» Exercise requirements:
Copy out the data below as written; omit any images.

** Data segment follows **

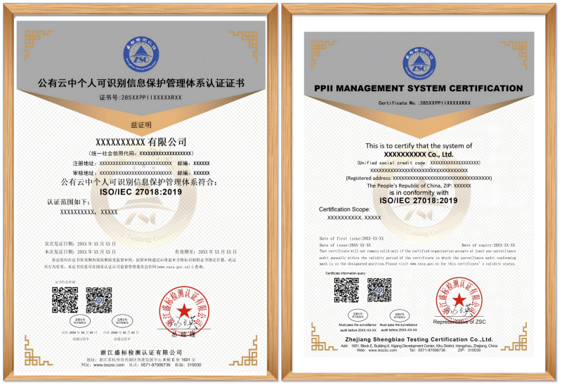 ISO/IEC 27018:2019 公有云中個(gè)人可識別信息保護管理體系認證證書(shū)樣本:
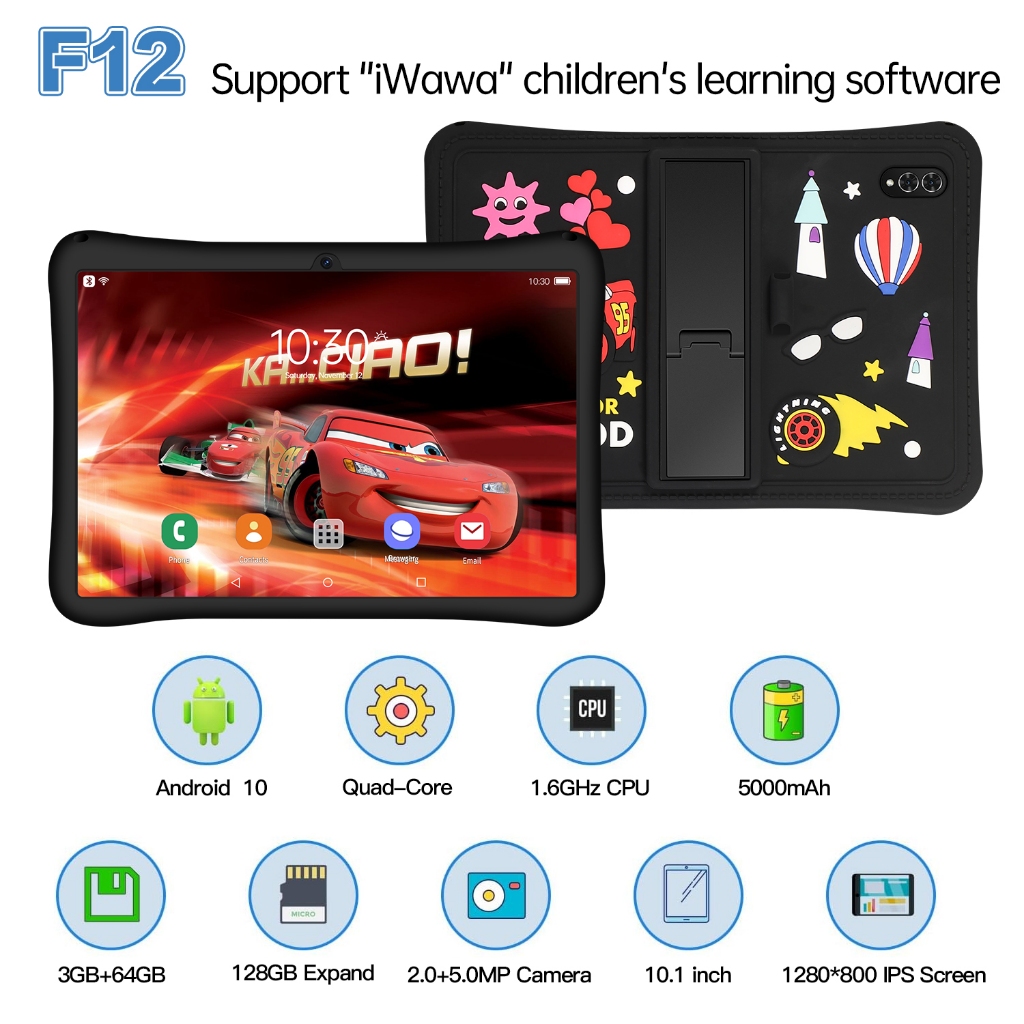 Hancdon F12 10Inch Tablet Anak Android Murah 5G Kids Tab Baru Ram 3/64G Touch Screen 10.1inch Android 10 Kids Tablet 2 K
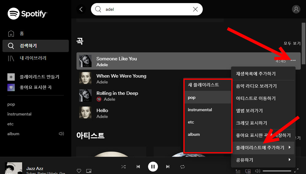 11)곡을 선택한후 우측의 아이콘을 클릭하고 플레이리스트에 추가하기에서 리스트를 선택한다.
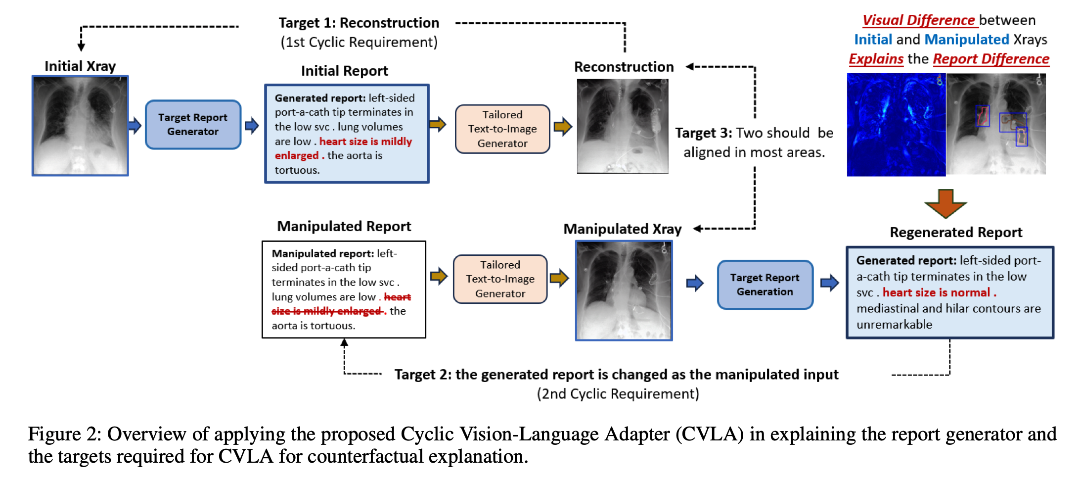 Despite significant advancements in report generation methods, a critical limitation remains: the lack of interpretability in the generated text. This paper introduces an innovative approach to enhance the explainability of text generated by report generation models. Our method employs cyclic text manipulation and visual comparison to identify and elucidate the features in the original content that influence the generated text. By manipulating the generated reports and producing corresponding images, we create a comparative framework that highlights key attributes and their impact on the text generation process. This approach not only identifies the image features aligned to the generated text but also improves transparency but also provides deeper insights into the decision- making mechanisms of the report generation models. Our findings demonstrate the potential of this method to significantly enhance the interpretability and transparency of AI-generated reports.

** End of Data segment **

» Exercise output:
 ISO/IEC 27018:2019 公有云中個(gè)人可識別信息保護管理體系認證證書(shū)樣本:
 Hancdon F12 10Inch Tablet Anak Android Murah 5G Kids Tab Baru Ram 3/64G Touch Screen 10.1inch Android 10 Kids Tablet 2 K
 11)곡을 선택한후 우측의 아이콘을 클릭하고 플레이리스트에 추가하기에서 리스트를 선택한다.
 Despite significant advancements in report generation methods, a critical limitation remains: the lack of interpretability in the generated text. This paper introduces an innovative approach to enhance the explainability of text generated by report generation models. Our method employs cyclic text manipulation and visual comparison to identify and elucidate the features in the original content that influence the generated text. By manipulating the generated reports and producing corresponding images, we create a comparative framework that highlights key attributes and their impact on the text generation process. This approach not only identifies the image features aligned to the generated text but also improves transparency but also provides deeper insights into the decision- making mechanisms of the report generation models. Our findings demonstrate the potential of this method to significantly enhance the interpretability and transparency of AI-generated reports.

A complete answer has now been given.